Wednesday, August 13, 2014

Beyond the Wall and Other Adventures Review

Although the D&D phenomenon started with wargamers and quickly spread to college goers, children also flocked to the game. Almost everyone I knew in elementary school played it. The very original D&D rules were confusing even to hardened wargamers, and the AD&D books were extremely dense and written in a curious style. What largely formed the gateway for kids was "basic" D&D, first that of J. Eric Holmes, then later by Tom Moldvay and then Frank Mentzer. That child friendliness was lost in more recent editions, which was marketed essentially to existing gamers (at least in my opinion).

Beyond the Wall and Other Adventures from Flatland Games is an attempt to not only reverse that trend of child friendliness, but to actually make a game for children and young adults. That's not to say childish, but trying to capture the feel of young adult fantasy literature, where a young person is thrust into adventure along with his friends.


At its core, Beyond the Wall is a fairly simple version of old school D&D using base attack bonus and ascending armor class.
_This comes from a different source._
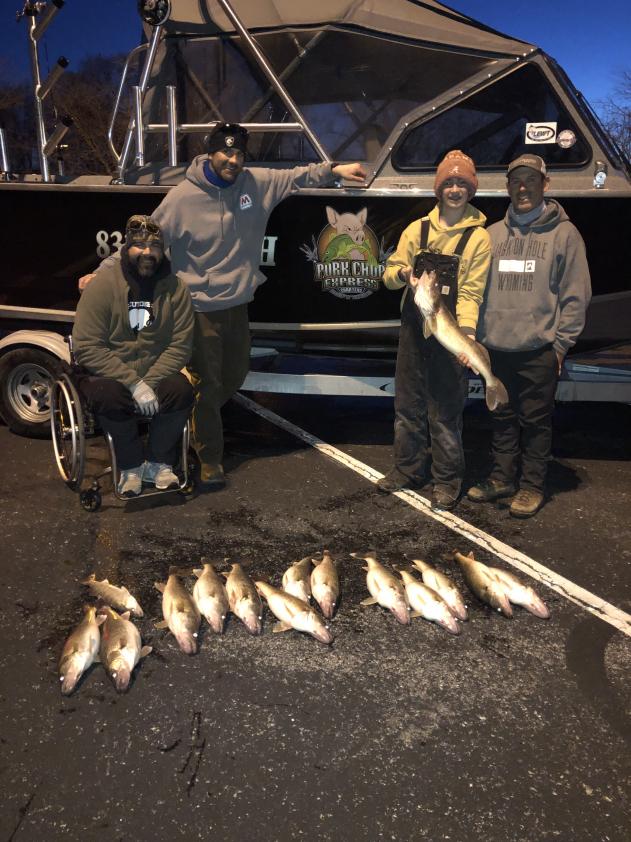 We had a nice trip on Friday afternoon with Jim and crew. This is the second trip i have had a wheelchair user and the north river performs well in this category. there is a lot of room in the back of this boat and rolling around is easy for the wheelchair. It fits inside the cabin between the seats as well so He was able to stay dry and out of the wind. We had a fairly slow bite and had at least 20 fish come unbuttoned but we managed 15 nice fish for them to take home. We had a very difficult time getting the fish to hook up this afternoon. They where all happy and booked another trip in April. It was bandits at 1.2 to 1.5 this afternoon all on pink and chrome. 45 to 80 back.

There are three classes: warrior, rogue, and mage. This sounds simplistic, but a character's background can change this dramatically (giving a class "knacks" in the case of the warrior, or skills for all the classes), and in some cases, there are mult-class types.

Character generation is done using a playbook that contains a fairly simple life path system. That is, you randomly roll your character's background, which generated the skills and abilities scores for your character. Each playbook has different tables, and there are a large number of playbooks to choose from. What's more, is that you don't just create your character with the playbook, you help create another player's character as well. This also serves to tie the characters together as friends.
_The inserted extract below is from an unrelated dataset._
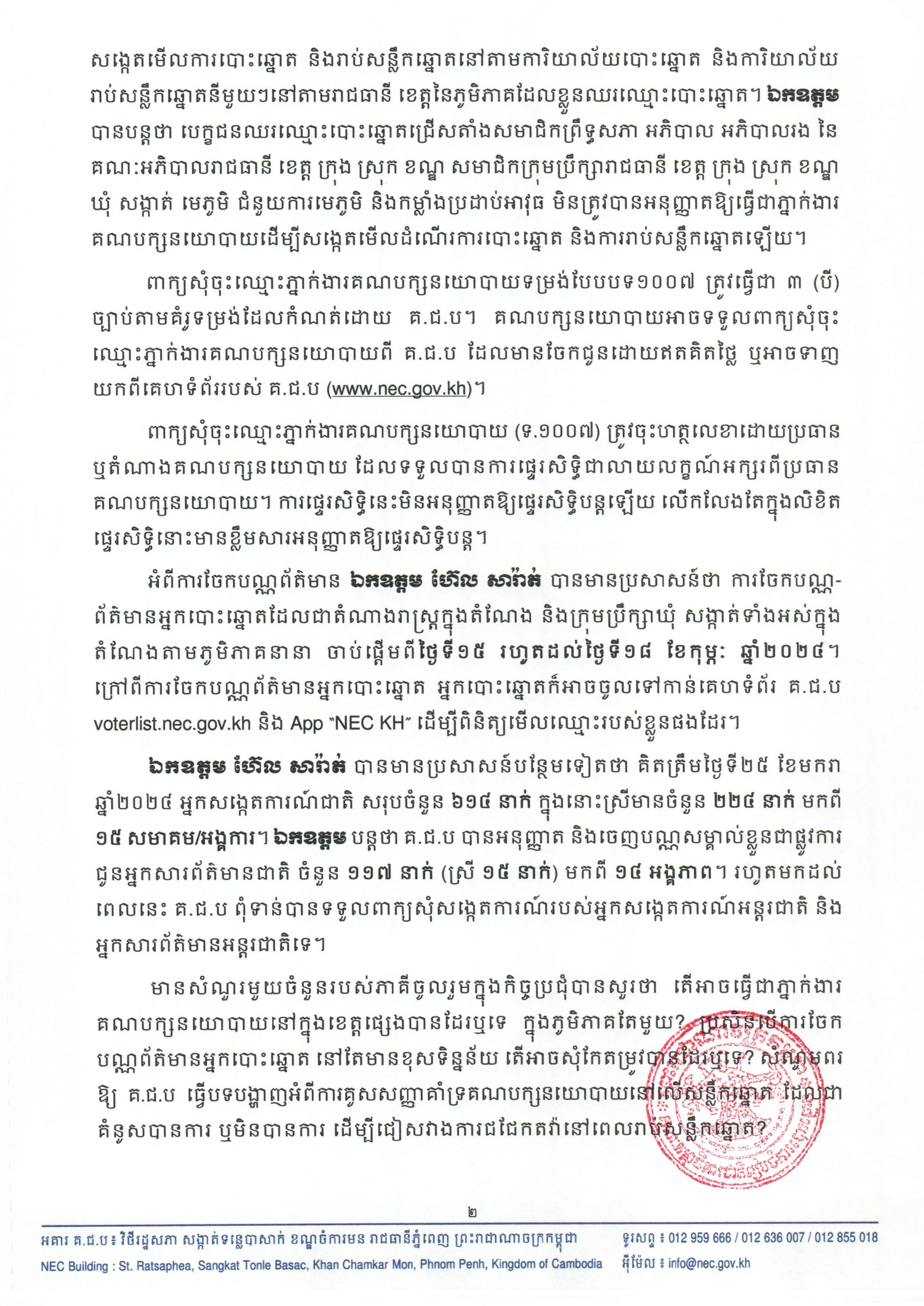 ឯកឧត្ដម ហ៊ែល សារ៉ាត់ បានមានប្រសាសន៍បន្ថែមទៀតថា គិតត្រឹមថ្ងៃទី២៥ ខែមករា ឆ្នាំ២០២៤ អ្នកសង្កេតការណ៍ជាតិ សរុបចំនួន ៦១៤ នាក់ ក្នុងនោះស្រីមានចំនួន ២២៤ នាក់ មកពី ១៥ សមាគម/អង្គការ។ ឯកឧត្ដម បន្តថា គ.ជ.ប បានអនុញ្ញាត និងចេញបណ្ណសម្គាល់ខ្លួនជាផ្លូវការជូនអ្នកសារព័ត៌មានជាតិ ចំនួន ១១៧ នាក់ (ស្រី ១៥ នាក់) មកពី ១៤ អង្គភាព។ រហូតមកដល់ពេលនេះ គ.ជ.ប ពុំទាន់បានទទួលពាក្យសុំសង្កេតការណ៍របស់អ្នកសង្កេតការណ៍អន្តរជាតិ និងអ្នកសារព័ត៌មានអន្តរជាតិទេ។

And the playbook isn't just used for character generation, it has all the rules needed to play, really.


The warrior is close to the standard old school fighter, no special abilities, but the best at fighting and can use all weapons and armor. He also gets a "knack" every other level, which is something akin to the feat from 3e. Basically a +1 bonus to initiative, damage, AC, or saving throws, or a specialization in another weapon (warriors start with specialization in one).
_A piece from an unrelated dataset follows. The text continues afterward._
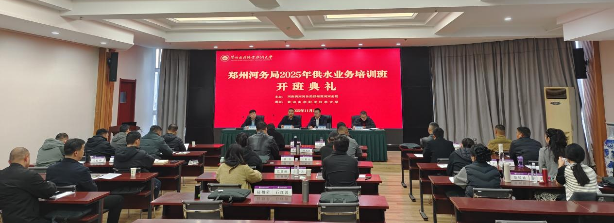 由河南黄河河务局郑州黄河河务局主办、36365官网承办的郑州黄河河务局2025年供水业务培训班于11月19日顺利开班。河南黄河河务局郑州黄河河务局工会主席石洪波、36365官网校长胡昊、郑州黄河河务局供水局局长陆相荣、学校继续教育学院院长薛建荣出席开班式。供水局及局属各单位负责人和业务骨干29人参加培训。

The rogue is somewhat better than the normal old school thief. Although they don't fight too well, they can wear all armor besides plate, and get a d8 for hit points. They also get a lot more skills

The skill system is largely freeform, and done by simple ability score checks, though having a "skill" in something will give a +2 bonus (or +4 if you have it twice). This includes the traditional "thief" skills

Lastly the is the mage, taking the role of both the old school magic-user and cleric. So this is probably where it diverges the most from regular D&D. It mostly follows the magic-user, not being able to wear armor, but has a few healing spells.


The magic system is vaguely Vancian (that is, like regular old school D&D), but not very. Characters can cast as many spells per day (that they know) as their character level, but can cast as many cantrips they like as long as they make a roll. Once that fails, they are worn out and can't cast any more cantrips until the next day. There are no limits on how many spells they know, but they have to see if they can learn them.

Cantrips are generally weak, but useful. Spells are pretty much the equivalent of 1st or 2nd level spells in traditional D&D and include things like burning hands, magic missile, and spider climb. But also cleric ones, like healing and turning undead. Most are renamed and rewritten, and it uses a simplified range system of near, far, touch, and self.

There are also more powerful spells, rituals, that take a long time to cast and so aren't suitable for combat. Unlike spells, these are divided by levels, from 1 to 10, and many are standard D&D spells, such as Unseen Servant, Continual Light, and so forth. They require an hour per level to cast, and you have to be be that level to cast that ritual.

While the idea behind this is pretty nice, at the same time, I'm not sure how practical it is for gameplay, because it basically ties up a character for several hours of game time. What are the other players supposed to do while that character is casting the ritual? Rest in some cases, but still.


Although there is some traditional GM material (a bestiary of monsters and advice and so forth), adventures are presented in unusual manner, similar to that of the playbooks for characters. Basically in a "scenario pack" you are given useful information and tables and sort of walks you through making an adventure much like the playbooks do for making a character.

The downside is that there is only one scenario pack that comes with the game, although there is one more free one. If you want to make more adventures, you are almost on your own. It is simple enough to use most other OSR modules (Basic Fantasy in particular as it also uses ascending AC), but they do lack the focus on the village that Beyond the Wall has, which is part of the game's charm.

Final Thoughts

It seems like everyone and their brother's sister's cousin is putting out their own RPG and/or retro clone. Most actually do have something new or different that they offer, but few make me say "Wow, I really want to play (or run) this!". Beyond the Wall and Other Adventures really does, especially to roll up characters.

On the other hand, once you run out of the scenario packs, or if they don't strike your fancy, you are left without much support in creating adventures. For a long time GM, that's really no problem, but for a game aimed at beginners, it's something of a flaw. However, apparently Flatland Games is working on a GM's guide of sorts.

Still, it really captures the magic of role-playing.